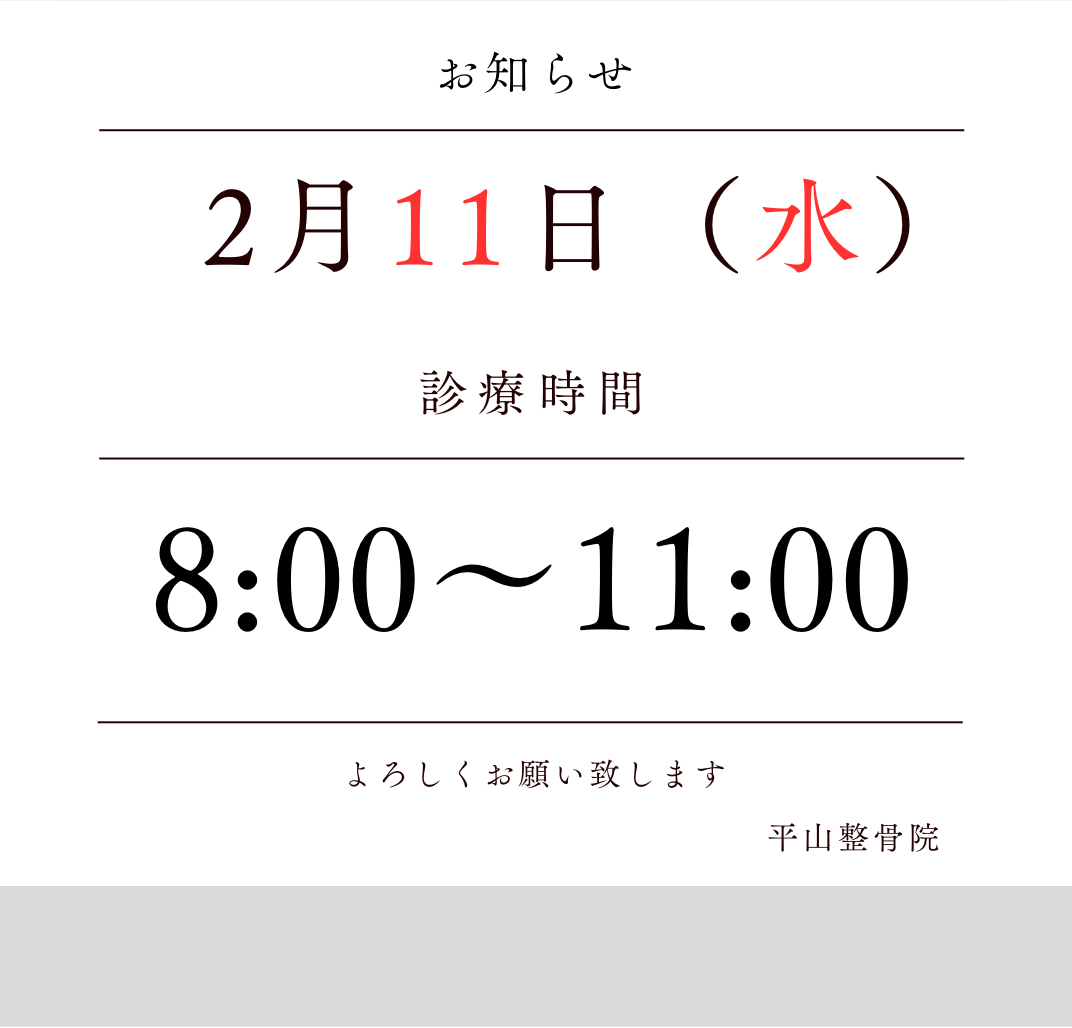 2月11日(水・祝)の営業時間は8時〜11時となります!
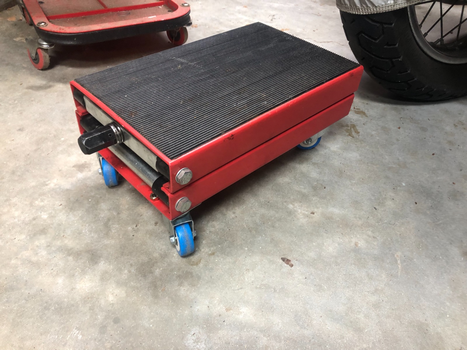 It's a Harbor Freight hydraulic lifting table - 500lb capacity. (They have a 1000lb version, too.) Right now one is holding a Yamaha XT250 and one is an engine stand.
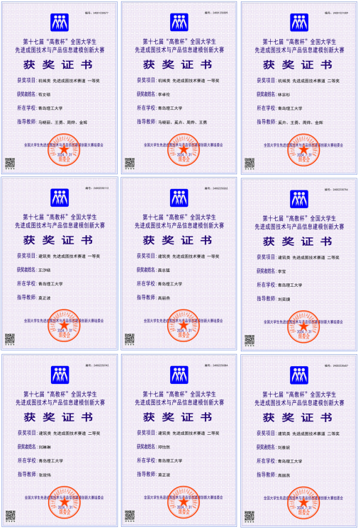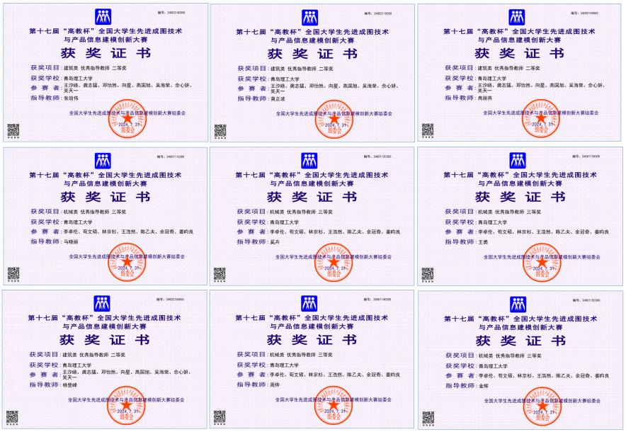 2024年7月26日至28日举办的第十七届“高教杯”全国大学生先进成图技术与产品信息建模创新大赛在贵州成功举办。在理学院制图教研室老师们的悉心指导下,我校学子在大赛中的成绩再创新高。共获得建筑类先进成图技术赛道一等奖2项,二等奖7项,三等奖5项,机械类先进成图技术赛道一等奖2项,二等奖2项,三等奖3项,建筑类团体二等奖,机械类团体三等奖。奖项获历史新高。张效伟、马晓丽、刘奕捷、莫正波、高丽燕、奚卉、王勇、周烨、金辉、杨登峰等老师获全国优秀指导教师称号。
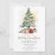 Esta árvore de natal, cor d'água, um convite à Casa Aberta de Natal com uma linda árvore de Natal decorada com bolas vermelhas e douradas e com uma espiral de presentes brilhantemente embrulhados abaixo seria perfeito para convidar colegas e clientes para uma casa aberta de férias. Os modelos são muito fáceis de usar e em segundos você pode ver seus convites fabulosos.
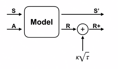 $$ Q(S,A) \leftarrow Q(S,A) + \alpha \big[ r + \kappa \sqrt{\tau} + \gamma \max_{a}Q(S',a) - Q(S,A) \big]$$

**What is being asked**
Output all the entries above verbatim, please. No images.

**Your response**
 2月11日(水・祝)の営業時間は8時〜11時となります!
 It's a Harbor Freight hydraulic lifting table - 500lb capacity. (They have a 1000lb version, too.) Right now one is holding a Yamaha XT250 and one is an engine stand.
 2024年7月26日至28日举办的第十七届“高教杯”全国大学生先进成图技术与产品信息建模创新大赛在贵州成功举办。在理学院制图教研室老师们的悉心指导下,我校学子在大赛中的成绩再创新高。共获得建筑类先进成图技术赛道一等奖2项,二等奖7项,三等奖5项,机械类先进成图技术赛道一等奖2项,二等奖2项,三等奖3项,建筑类团体二等奖,机械类团体三等奖。奖项获历史新高。张效伟、马晓丽、刘奕捷、莫正波、高丽燕、奚卉、王勇、周烨、金辉、杨登峰等老师获全国优秀指导教师称号。
 Esta árvore de natal, cor d'água, um convite à Casa Aberta de Natal com uma linda árvore de Natal decorada com bolas vermelhas e douradas e com uma espiral de presentes brilhantemente embrulhados abaixo seria perfeito para convidar colegas e clientes para uma casa aberta de férias. Os modelos são muito fáceis de usar e em segundos você pode ver seus convites fabulosos.
 $$ Q(S,A) \leftarrow Q(S,A) + \alpha \big[ r + \kappa \sqrt{\tau} + \gamma \max_{a}Q(S',a) - Q(S,A) \big]$$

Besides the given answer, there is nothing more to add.